The personification of power-over is Kratos, the Greek God of Strength, sent by Zeus to punish Prometheus for stealing fire and giving it to humanity. Kratos symbolizes brute force, and in stories and myths, he is depicted as brutal, cruel, and merciless.

Power-over gets a bad rap. Because it is a very primitive form of power. It’s brittle. If coercion, force, punishment, or reward don’t work, the only option is to escalate into brute force. It doesn’t inspire, motivate, or create commitment — it simply creates compliance.

For these reasons, we should use power-over with others sparingly.

For instance, if we have to set a boundary against hostile behavior or yank a child’s arm to pull him out of the street as a car comes.

But, when it comes to the battle for our attention, using power over ourselves is a great use of power. Because power over ourselves means using self-control.

The Power of Self-Control

We use self-control every day to get out of a warm cozy bed, to choose eggs or oatmeal over pizza and ice cream for breakfast.

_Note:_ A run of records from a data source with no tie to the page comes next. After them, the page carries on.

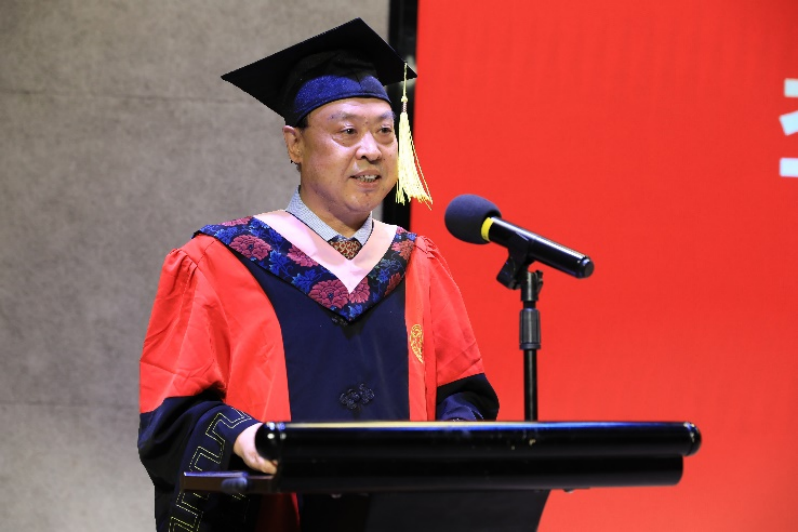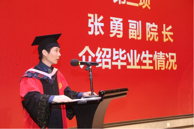 张勇副院长祝贺同学们圆满完成了学业,开启人生新篇章。他介绍了毕业生的就业、升学情况,或是进入一流高校深造,或是走向基层服务人民,一切都离不开党和国家、学校与社会、父母与同学的支持。张勇寄语同学们:征程正未有穷期,不待扬鞭自奋蹄,希望大家不忘初心、牢记使命,化承人文精神,永葆家国情怀,把自己的汗水和奋斗融入新时代的征程中,拼出一番属于自己的新天地!
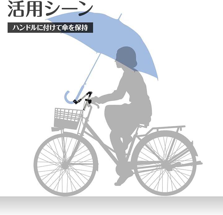 「1つは持ちたいアイテム」手に持たずに傘をさせる傘スタンドはベビーカー、自転車、電動自転車、車椅子などに取り付けることができ傘をささなくとも両手が使える頼りになるアイテムです。
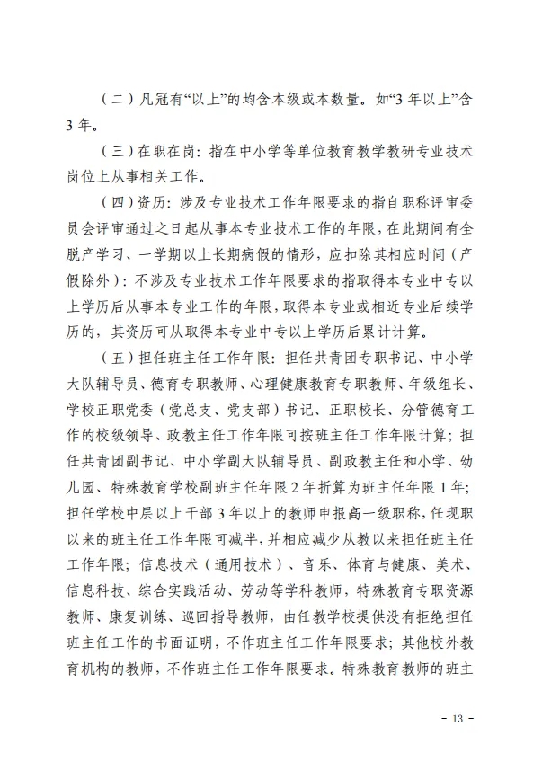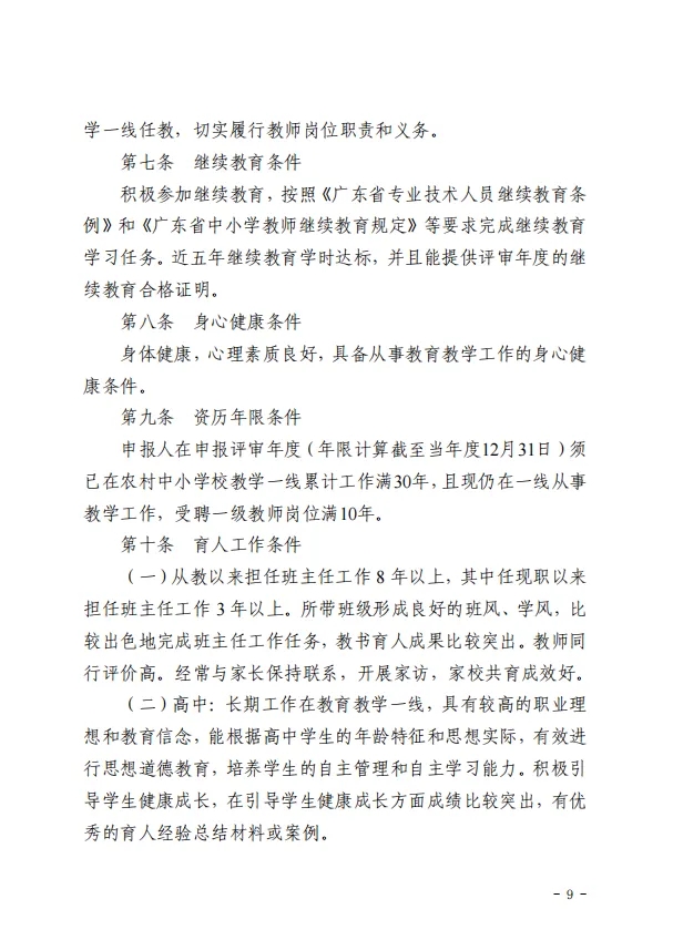 值得关注的是,根据乡村学校教师职业特点,惠州把教好书、育好人作为评审的核心内容。评审突出乡村学校教师师德表现,注重教学工作实际。其中“资历年限条件”提到,申报人在申报评审年度(年限计算截至当年度12月31日)须已在农村中小学校教学一线累计工作满30年,且现仍在一线从事教学工作,受聘一级教师岗位满10年。评价标准对农村学校教师的荣誉、课题、论文不作任何硬性要求,符合条件即可申报。
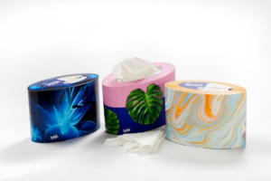 A unique, oval tissue box in highly attractive colours with all-round decorative sophistication, where functionality and elegance go hand in hand. Dispensing the product is extremely easy. The oval shape is unique and the first of its kind for this type of product on the cosmetics market. The consistent use of cartonboard makes this carton fully recyclable.
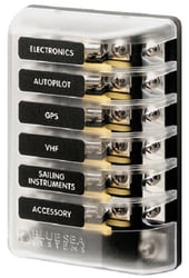 Blue Sea Systems has added some helpful features to ST glass fuse blocks. The insulating cover adds space to accept easy to read labels and satisfies ABYC and USCG requirements for insulation. Spare fuses store neatly in the cover. Fuses are spaced in a manner to make them easier to remove and install. Available with or without a ground bus to match the application. Corrosion resistant tin-plated copper buses and phosphor bronze fuse clips are made for marine applications will provide years of service.

We use self-control to show up at work, not yell at our boss when we’re frustrated.

We use self-control when we stop at a red light, put on our seat belts, and brush our teeth even though we don’t feel like it.

We are using power-over every day to motivate ourselves, set goals, and push ourselves towards those goals.

So, let’s rethink power-over as a necessary competency, as something that gives us power over the world that allows us to win in the struggle for attention.

Strategies for Reclaiming Power

Exerting more self-control, not allowing ourselves to be taken in by devious attempts to steal our focus, takes more than willpower. It involves cultivating habits that reinforce our autonomy. Try these:

Let me think about it. We feel pressured to respond immediately, but pausing and saying, “Let me think about it” is an act of power. Slowing down to think is an act of resistance. Everything is packaged as immediate and urgent, but it’s a ploy. So, slowing down means asking yourself, before reacting, believing, or sharing something: Is this true? Do I have the full picture? What else could be happening? Slowing down allows you to regain control over how you respond to information.

Am I willing to bet on it? Discernment is necessary. It’s different from cynicism or mistrust. Annie Duke, author of Thinking in Bets, counsels people on making better decisions. Asking yourself, “Am I willing to put money on this?” forces you to doubt your certainty, look for evidence, and double double-check your math. Skepticism and doubt can be a great ally, especially if something is provoking a strong emotional reaction, without offering evidence.

How will this make me feel next year? Our emotional reactions are particularly bad at one thing: consequences. When we want chocolate now, we don’t think about future consequences. We need to engage our future selves to check on our reactions and choices.

Using tomorrow, next week, next year, or when I’m 85, is a way to exert self-control by considering how our current actions will impact our future self. Cultivating a relationship with our future selves is a key to self-control.

Do I really want to be doing this now? Self-control is about setting boundaries. The algorithms behind social media are designed to keep you engaged, often by feeding you sensational or emotionally charged content. Be deliberate about how and when you consume information. Create spaces for reflection, away from the constant barrage of notifications and updates.

Self-control is not about rigidly suppressing emotions or shutting ourselves off from the world.

We can still hit pillows if we’re angry, and let out emotions, including anger. But self-control, at its root, is about choosing how we engage with the world on our terms, with clarity and intention.